The Trump administration takes a different tack, with sentence number one reading “Improve the U.S. trade balance and reduce the trade deficit with the EU.” Instead of aiming to liberalize trade as the Obama White House did, the current one makes its overarching objective to manage trade. That is, to have governments decide in advance how much each economic partner gets to import and export, rather than leave the outcome to the myriad private decisions within the fair and well-regulated transatlantic marketplace.
This is nothing new. Since the beginning, the current administration has wrongly maintained that a) the U.S. bilateral deficit with the EU is unfair and b) that it can be resolved through trade—rather than macroeconomic—policies.
Although that debut is inauspicious, most of what follows should lay a solid groundwork for the talks, even if in parts it is reminiscent of what Mark Twain is reported to have said about Wagner’s music: it’s better than it sounds.
Case in point: while the TTIP letter from the Obama era used the neutral term “seek” to outline its objectives, now USTR isn’t shy about using the word “require” more than once to express its ambitions for the new U.S.-EU talks. But most of things the U.S. would like to require the EU to do are welcome, like adhering to labor and environmental standards.

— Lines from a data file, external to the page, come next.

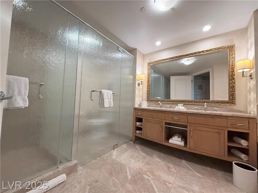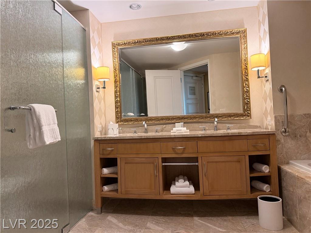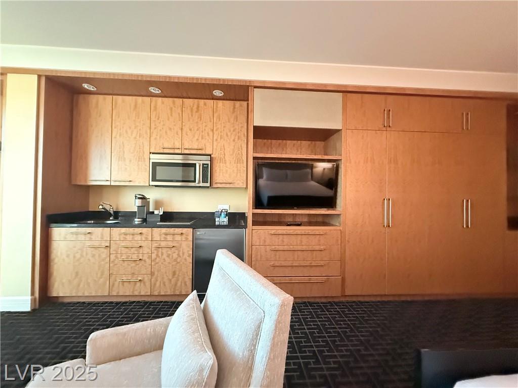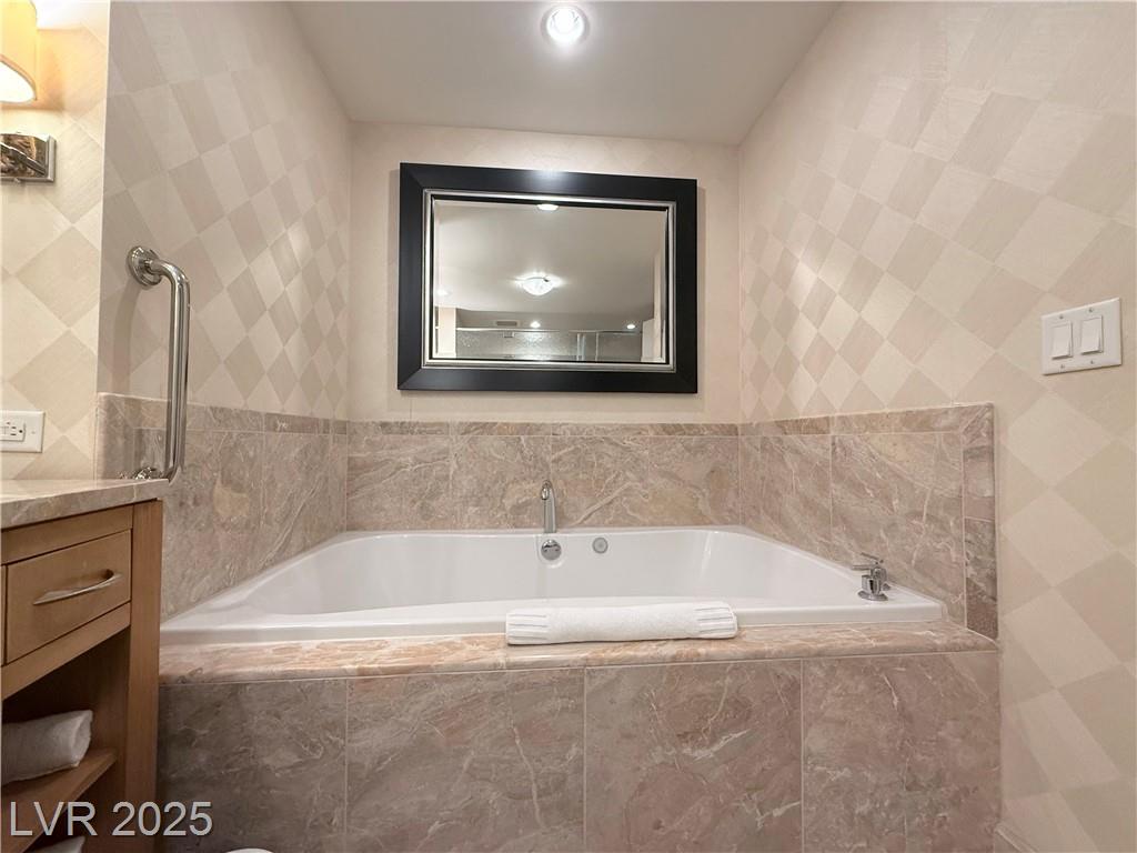 Experience refined elegance at the iconic Trump International Hotel Las Vegas. This beautifully designed studio residence blends sophistication with comfort, offering 534 square feet of stylish living space and captivating Strip views from towering floor-to-ceiling windows. The interior exudes warmth and modern luxury, featuring custom cabinetry, granite surfaces, and a sleek kitchenette for effortless convenience. Relax in the king-sized bed surrounded by rich finishes, or unwind in the lavish marble bathroom with its deep soaking tub and separate shower. Perfect as a private retreat or an exceptional investment opportunity, this residence delivers the ultimate Las Vegas lifestyle—luxury, service, and glamour at your doorstep.
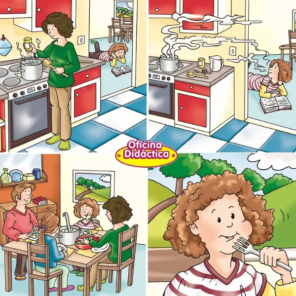 Conhecer e usar os verbos do dia-a-dia com histórias ilustradas, as crianças aprendem a nomear as atividades corretamente, a conjugar os verbos e a usá-los em conjunto com diferentes partes de uma frase.
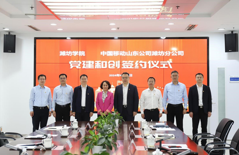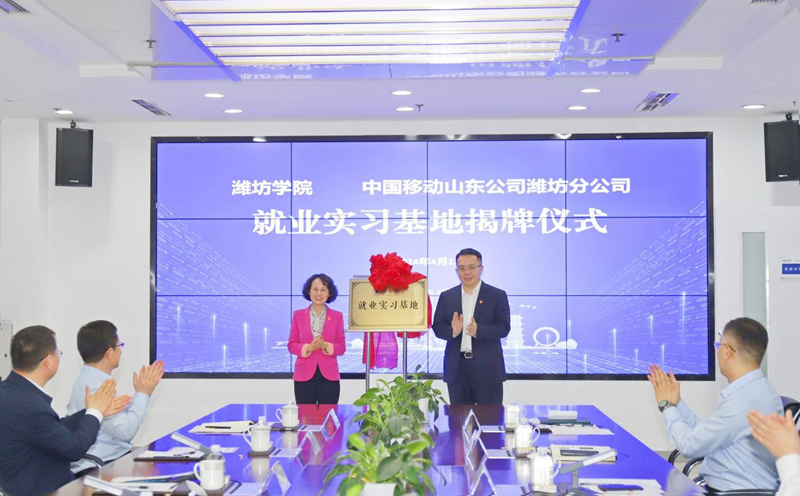 本网讯 4月22日,学校与潍坊移动公司举行“党建和创”签约暨“就业实习基地”揭牌仪式。校党委书记徐梅,党委委员、副校长任立春,党委委员、组织部部长赵加强,潍坊移动公司党委书记、总经理黄麟,党委委员、副总经理李广、刘宁出席仪式。

Overall, USTR sets out several laudable goals, including reining in subsidies and state-owned enterprises (which would be valuable as precedents vis-à-vis China), facilitating the role of small- and medium-sized enterprises in trade, supporting the free flow of digital trade, and promoting regulatory cooperation. Although it lists agriculture among the topics to be discussed, which the EU so far has rejected, USTR also states that it “may seek to pursue negotiations in stages,” meaning that farm issues could be left until the end.

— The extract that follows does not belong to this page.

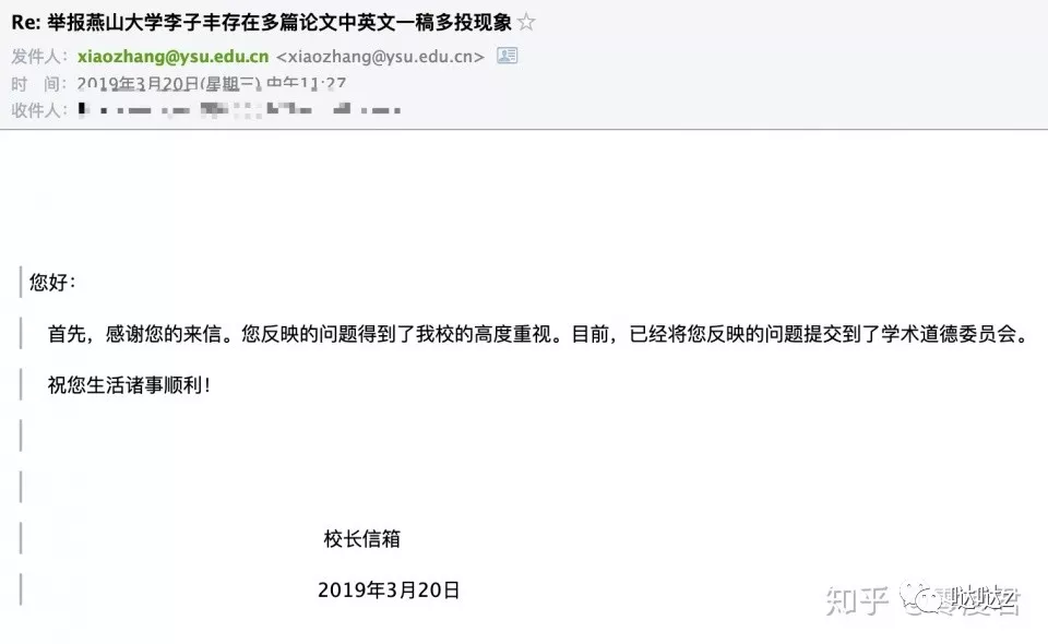3月20日,燕山大学官方回信表示高度重视并已经提交到学术道德委员会
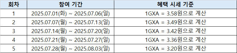 혜택으로 지급하는 갤럭시아(GXA) 시세 기준은 회차별 다르게 적용됩니다.8

Perhaps most valuable of all is that, along with the upcoming release of the EU negotiating mandate, the announcement of USTR’s objectives will keep the talks moving forward. That means the U.S. administration is unlikely to include the EU in any national security tariffs it may impose on automobile imports once a Commerce Department report on that issue hits the president’s desk next month. If it did so, that would violate the president’s pledge during his meeting with Juncker that “we will not go against the spirit of this agreement, unless either party terminates the negotiation.” So far, the White House has held to this commitment.